WSJ: TikTok used a loophole to track MAC addresses on Android

The future of TikTok is still up in the air as it’s treated as an acquisition target and security risk all at once, and now the Wall Street Journal is reporting a detail on the kind of information it had been tracking about users. Their analysis of its Android app dug into several versions from 2018 through 2020, and said it “wasn’t collecting an unusual amount of information for a mobile app.”

However the outlier is that until late last year, TikTok used a known security flaw to get around Android protections that stop apps from tracking users via the MAC address of their device. That code identifies a device on a network and is usually not changed, so someone could track installations across different accounts that occur on the same device to link a person’s ID to a particular piece of hardware.

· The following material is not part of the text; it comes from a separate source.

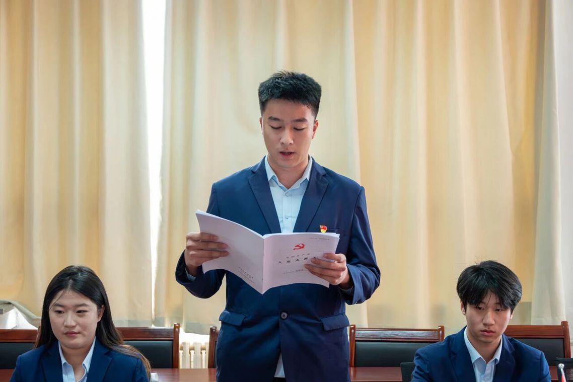 会议伊始,李荣辉介绍了本次大会党员的出席情况,随后严格依照党员发展程序推进各项议程。首先,由7名发展对象依次宣读《入党志愿书》,既系统汇报了自身在思想觉悟、学习成效、工作实践方面的成长进步,也坦诚剖析了存在的不足,同时以坚定态度表达了加入中国共产党的强烈意愿。接着,各发展对象的入党介绍人分别介绍其培养考察情况,明确阐述了对其能否入党的意见。经支部大会充分讨论后,支部拥有表决权的正式党员以无记名投票方式进行表决,最终全体党员一致同意,决定接收毕研昕等7名同志为中共预备党员。
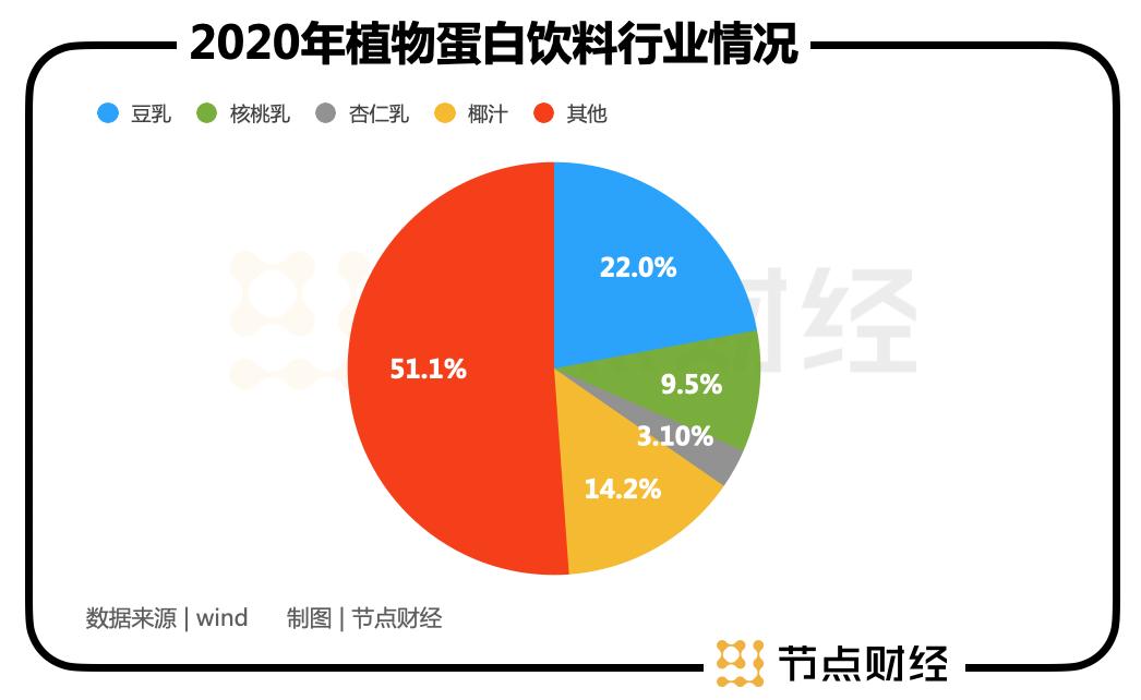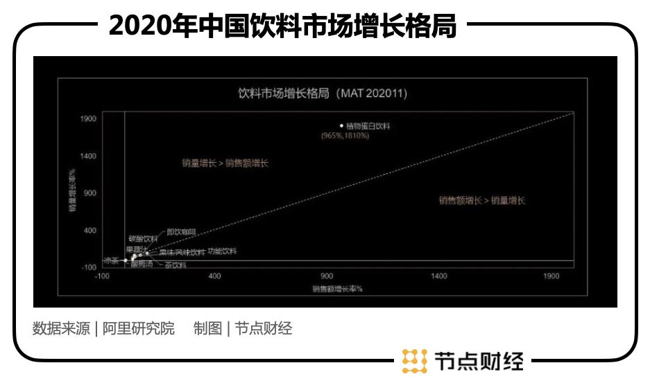 另据天猫新品创新中心发布的《2020植物蛋白饮料创新趋势》,2020年植物蛋白饮料行业迎来爆发,销售额增长率达到965%,销量增长率达到1810%,购买人数增长9倍,远超其他饮料品类。

As the WSJ explains, Google presents an anonymized advertising ID that users can easily reset, as opposed to the MAC address that doesn’t have the same opt-out capabilities. There are other techniques used for this “ID bridging” that don’t involve the MAC address, and according to their investigation, TikTok removed its tracking with an update on November 18th of last year. In a statement, the company said “the current version of TikTok does not collect MAC addresses.”

Tying user identities to hardware in a way that’s tough to change — particularly without notifying them of it — is troubling, and mobile platforms aren’t the only place where it’s popped up. Last year researchers detailed how makers of TV apps on Fire TV and Roku were bypassing advertiser IDs to collect the MAC addresses on devices, and Roku updated its software shortly after to take away that capability.